> TASK STATEMENT
Look through the entries below for the line with "Suomenlahdentiestä on tulossa" and the line with "男性向けラノベタイトル風あだ名 | 『転生したらうすくららいかだった件』 |", then give again exactly those two lines and all lines between them, minus the pictures.
● ● ● ●
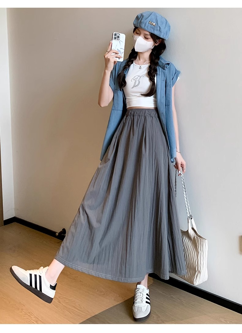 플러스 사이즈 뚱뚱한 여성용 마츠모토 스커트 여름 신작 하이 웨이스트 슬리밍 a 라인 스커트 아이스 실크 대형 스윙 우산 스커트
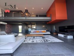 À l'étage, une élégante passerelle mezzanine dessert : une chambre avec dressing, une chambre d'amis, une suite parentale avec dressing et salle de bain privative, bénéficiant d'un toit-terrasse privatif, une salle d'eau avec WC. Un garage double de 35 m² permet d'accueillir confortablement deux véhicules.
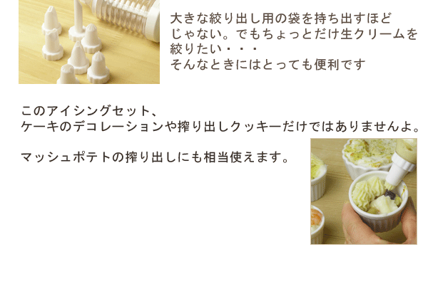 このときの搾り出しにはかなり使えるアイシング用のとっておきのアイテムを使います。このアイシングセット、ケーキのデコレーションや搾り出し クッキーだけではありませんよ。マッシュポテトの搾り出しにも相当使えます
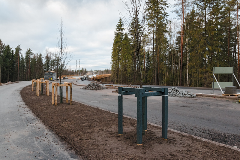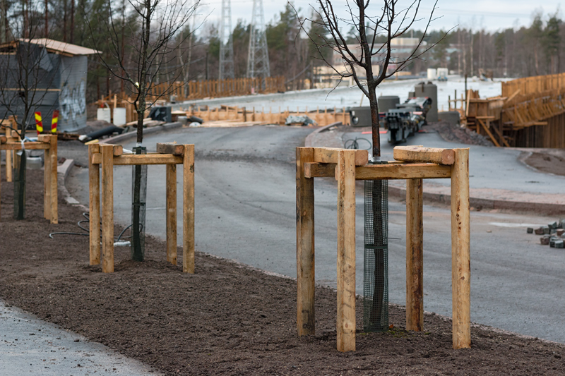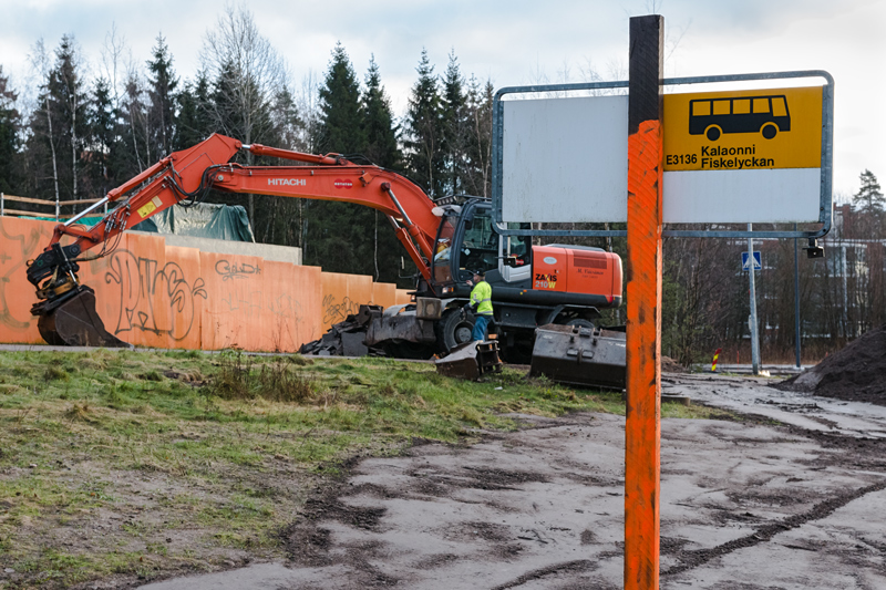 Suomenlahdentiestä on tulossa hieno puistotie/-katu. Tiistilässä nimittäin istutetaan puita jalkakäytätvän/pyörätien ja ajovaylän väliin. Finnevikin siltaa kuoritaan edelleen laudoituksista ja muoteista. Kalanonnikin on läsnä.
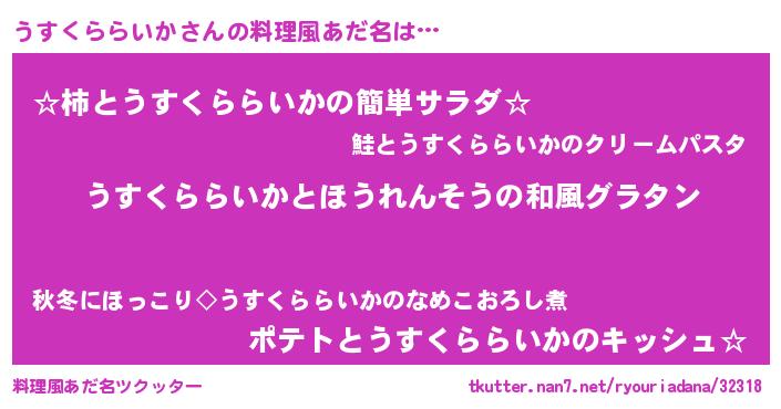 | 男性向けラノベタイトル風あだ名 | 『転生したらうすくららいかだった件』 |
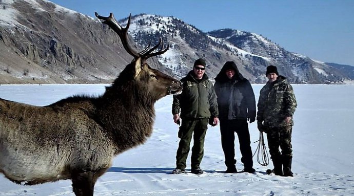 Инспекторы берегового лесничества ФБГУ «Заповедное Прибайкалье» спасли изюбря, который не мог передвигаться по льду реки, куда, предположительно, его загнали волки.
● ● ● ●
> SOLUTION TO THIS PROBLEM
 Suomenlahdentiestä on tulossa hieno puistotie/-katu. Tiistilässä nimittäin istutetaan puita jalkakäytätvän/pyörätien ja ajovaylän väliin. Finnevikin siltaa kuoritaan edelleen laudoituksista ja muoteista. Kalanonnikin on läsnä.
 | 男性向けラノベタイトル風あだ名 | 『転生したらうすくららいかだった件』 |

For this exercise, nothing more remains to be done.